## What to work on
Return the line that has "여기서 자연스럽게 이런" and all lines below it through the last, exactly as they stand; omit pictures.

## Raw data
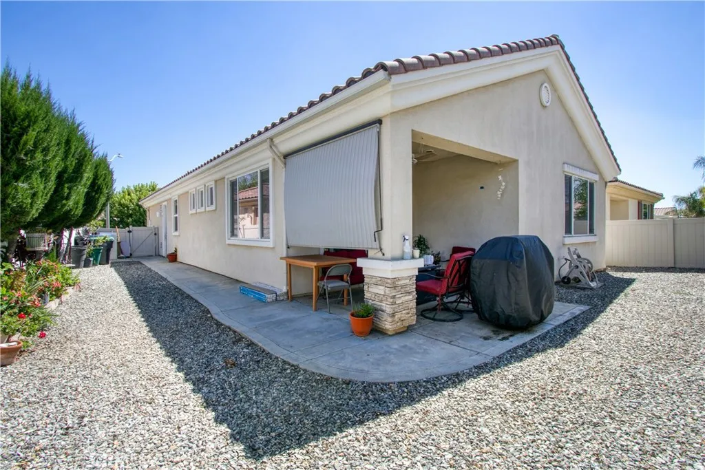 Discover refine living in this sophisticated one story residence in the highly desirable Solera Oak Valley Greens Community. A vibrant 55+ community. The sliding glass door leads to the covered patio and generously lot with several fruit trees that includes a peach tree, guava tree and plums tree, great space to entertain and BBQ. The kitchen opens in to the living space and adjacent is the inside laundry room. Besides the 2 bedrooms the floor plan comes with a den/office space that is perfect for hobby room or an extra room for company to stay. Two car garage and driveway. The club house has resort style amenities including a club house, pool, fitness center. library, billiard room, and pickleball courts. Conveniently located near freeway access, only minutes away to world-class attractions in the palm springs area, casino Morongo and famous Cabazon Outlet stores.
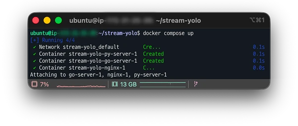 여기서 자연스럽게 이런 의문이 생겼어요. 그렇다면 내가 만드는 AI 서비스도 Go로 구축하면 더 빨라질까? 이 궁금증을 해결하기 위해 YOLO를 이용한 실시간 객체 인식 서버를 구축했어요. 각각 Python과 Go로 서버를 구현하고 동일한 부하를 줬을 때 지연 시간과 CPU 사용률을 비교하려고 했어요.
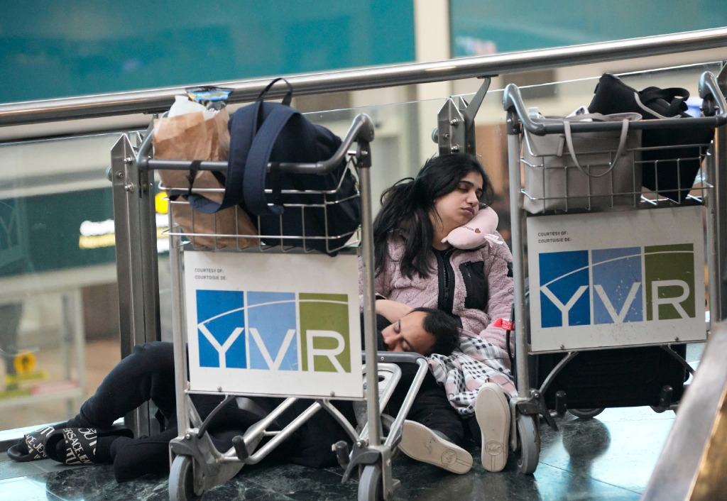 2022年12月20日,滞留旅客在加拿大温哥华国际机场休息。新华社发(梁森摄)

## Task result
 여기서 자연스럽게 이런 의문이 생겼어요. 그렇다면 내가 만드는 AI 서비스도 Go로 구축하면 더 빨라질까? 이 궁금증을 해결하기 위해 YOLO를 이용한 실시간 객체 인식 서버를 구축했어요. 각각 Python과 Go로 서버를 구현하고 동일한 부하를 줬을 때 지연 시간과 CPU 사용률을 비교하려고 했어요.
 2022年12月20日,滞留旅客在加拿大温哥华国际机场休息。新华社发(梁森摄)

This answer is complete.